[THE TASK]: What you return must match the records word for word, except that pictures are dropped.

[RECORDS SHOWN]:
----------------
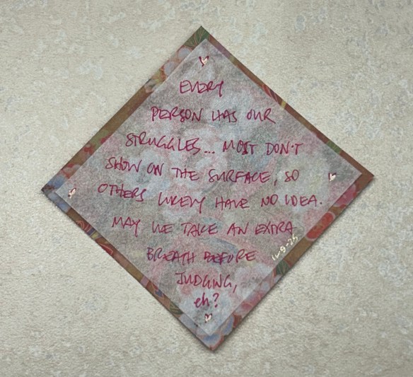 - Every person has our struggles… Most don’t show on the surface, so others likely have no idea. May we take an extra breath before judging, eh?
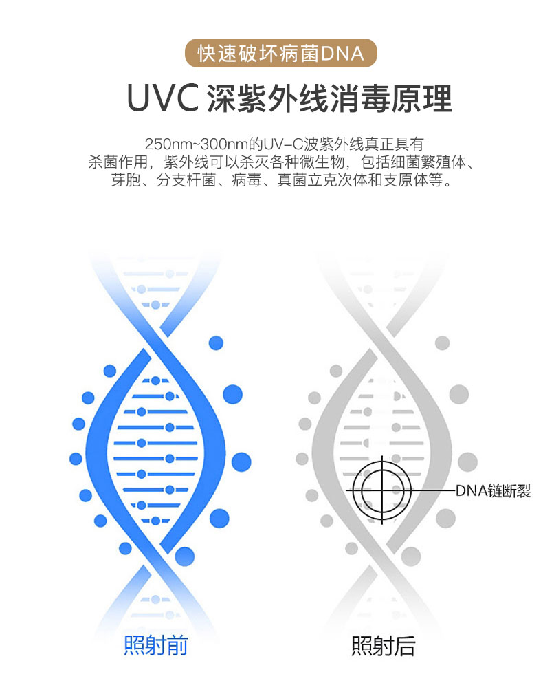 UV-C紫外線殺菌燈已不是什么新事物了,甚至在COVID-19、SARS爆發之前,紫外線燈就已經用于對生產線上的產品進行消毒,對廢水處理廠中的水進行處理以及被動清潔HVAC系統難以觸及的部分(線圈,鍋和通風口)及其他應用場景中進行了嘗試和測試。紫外線衛生燈再次聚焦在人們的眼中是因為COVID-19大流行期間被廣泛使用。暴露的空氣和水中都存在大量細菌,使用紫外線殺菌燈長時間的照射,能將空氣中或水中的各種微生物去除掉,其原理是深紫外線能夠破壞細胞膜和細胞核結構尤其是破壞遺傳物質DNA/RNA的堿基對,使其失去復制能力或失去活性而死亡。
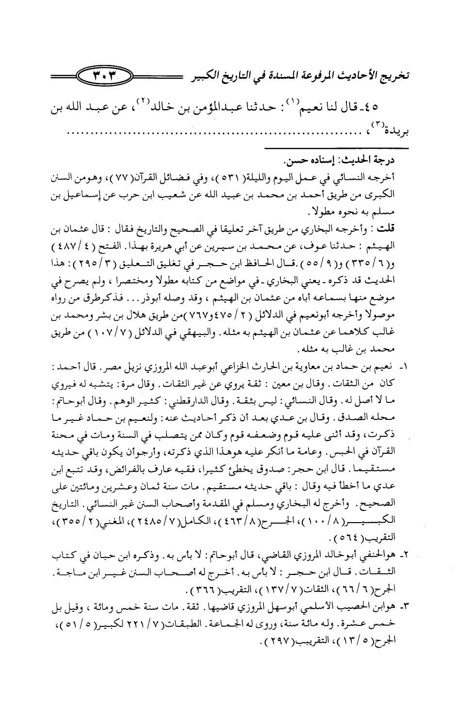 كتاب تخريج الأحاديث المرفوعة المسندة في كتاب التاريخ الكبير للبخاري
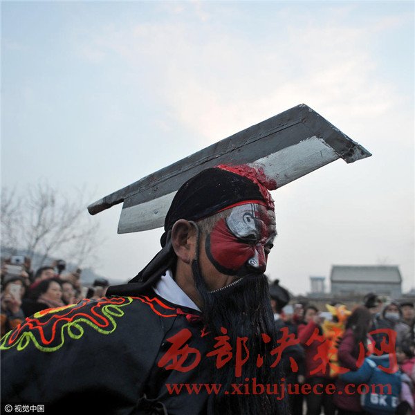 刀具化妝非常神速,一個人的化妝也就三五分鐘,很快就從棚子中走出進入表演現(xiàn)場。一名血社火傳承人介紹:“血社火的秘密就在化妝,而且我們歷來傳男不傳女,更不能隨便向外人透露”。
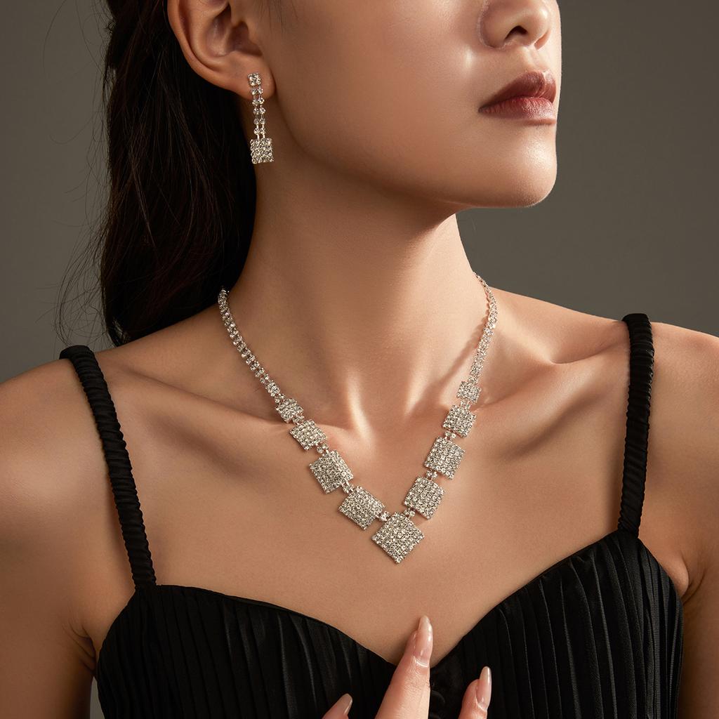Temperament Luxury Rhinestone Necklace Earrings Two-piece Set
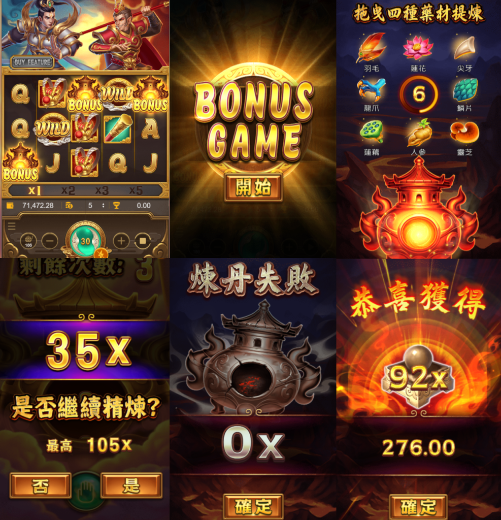 | 紅利遊戲 | 收集3個Bonus進入;精煉藥材提升倍率,失敗彩金歸零 |
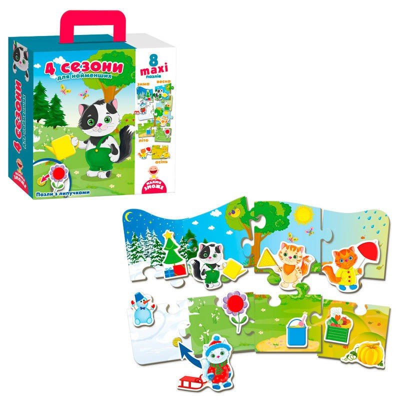Пазл з липучками для самих маленьких. Дитині спочатку потрібно буде скласти яскравий пазл, а потім розподілити кошенят і предмети по сезону. 8 максі пазлів і 10 картонних фігурок в комплекті.
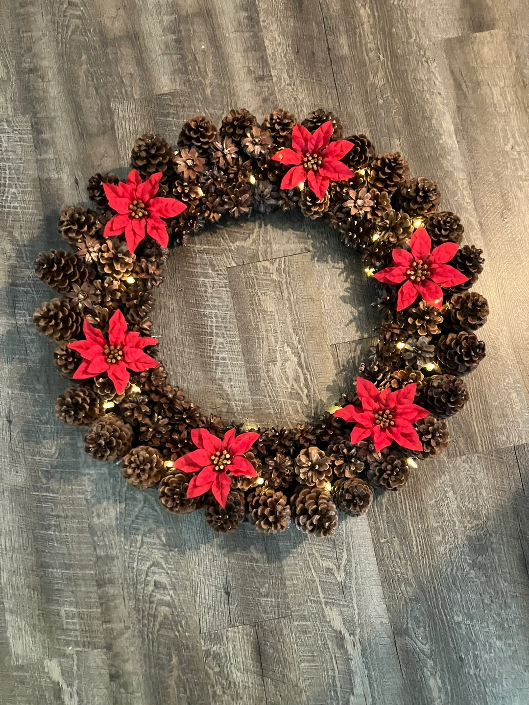 This is a lovely Christmas wreath made of pinecones and poinsettias. It would look great on your door or above your fireplace this holiday season!
----------------
[RESPONSE]:
 - Every person has our struggles… Most don’t show on the surface, so others likely have no idea. May we take an extra breath before judging, eh?
 UV-C紫外線殺菌燈已不是什么新事物了,甚至在COVID-19、SARS爆發之前,紫外線燈就已經用于對生產線上的產品進行消毒,對廢水處理廠中的水進行處理以及被動清潔HVAC系統難以觸及的部分(線圈,鍋和通風口)及其他應用場景中進行了嘗試和測試。紫外線衛生燈再次聚焦在人們的眼中是因為COVID-19大流行期間被廣泛使用。暴露的空氣和水中都存在大量細菌,使用紫外線殺菌燈長時間的照射,能將空氣中或水中的各種微生物去除掉,其原理是深紫外線能夠破壞細胞膜和細胞核結構尤其是破壞遺傳物質DNA/RNA的堿基對,使其失去復制能力或失去活性而死亡。
 كتاب تخريج الأحاديث المرفوعة المسندة في كتاب التاريخ الكبير للبخاري
 刀具化妝非常神速,一個人的化妝也就三五分鐘,很快就從棚子中走出進入表演現(xiàn)場。一名血社火傳承人介紹:“血社火的秘密就在化妝,而且我們歷來傳男不傳女,更不能隨便向外人透露”。
Temperament Luxury Rhinestone Necklace Earrings Two-piece Set
 | 紅利遊戲 | 收集3個Bonus進入;精煉藥材提升倍率,失敗彩金歸零 |
Пазл з липучками для самих маленьких. Дитині спочатку потрібно буде скласти яскравий пазл, а потім розподілити кошенят і предмети по сезону. 8 максі пазлів і 10 картонних фігурок в комплекті.
 This is a lovely Christmas wreath made of pinecones and poinsettias. It would look great on your door or above your fireplace this holiday season!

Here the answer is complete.